> WHAT YOU SHOULD DO
Repeat all of the data below word for word, keeping no images.

> DATASET CONTENT

Content starts

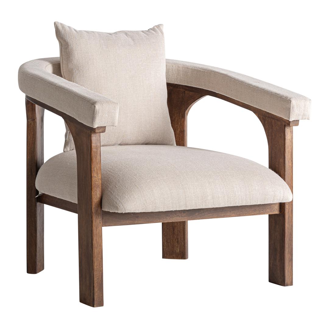 Стул Racoud, коричнево-бежевый, современный стиль. Изготовлен из древесины манго в сочетании с древесиной DM и полиэстером. Съемное изделие.
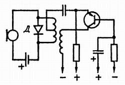 Рис. 167. Диод Д под воздействием микрофонных сигналов изменяет частоту колебательного контура.
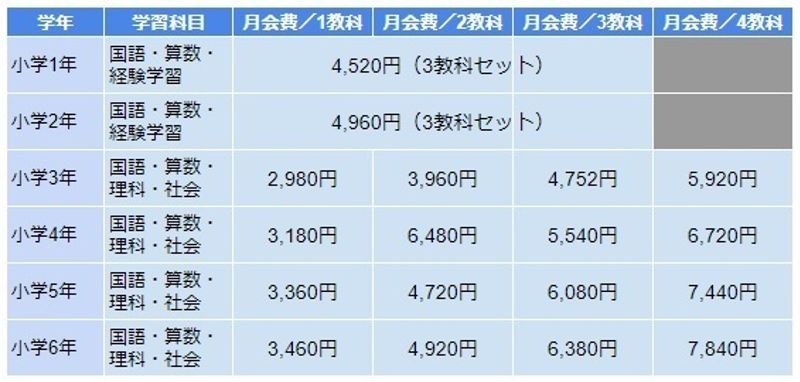 ★英語の月会費は、小学3年・3,700円、小学4年・3,700円、小学5年・4,200円、小学6年・4,200円です。
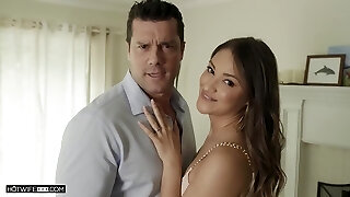 un beau-père dur et lubrique cloue sa jolie adolescent belle-fille très fort pendant que sa femme apprécie le processus

Content ends

> REPLY
 Стул Racoud, коричнево-бежевый, современный стиль. Изготовлен из древесины манго в сочетании с древесиной DM и полиэстером. Съемное изделие.
 Рис. 167. Диод Д под воздействием микрофонных сигналов изменяет частоту колебательного контура.
 ★英語の月会費は、小学3年・3,700円、小学4年・3,700円、小学5年・4,200円、小学6年・4,200円です。
 un beau-père dur et lubrique cloue sa jolie adolescent belle-fille très fort pendant que sa femme apprécie le processus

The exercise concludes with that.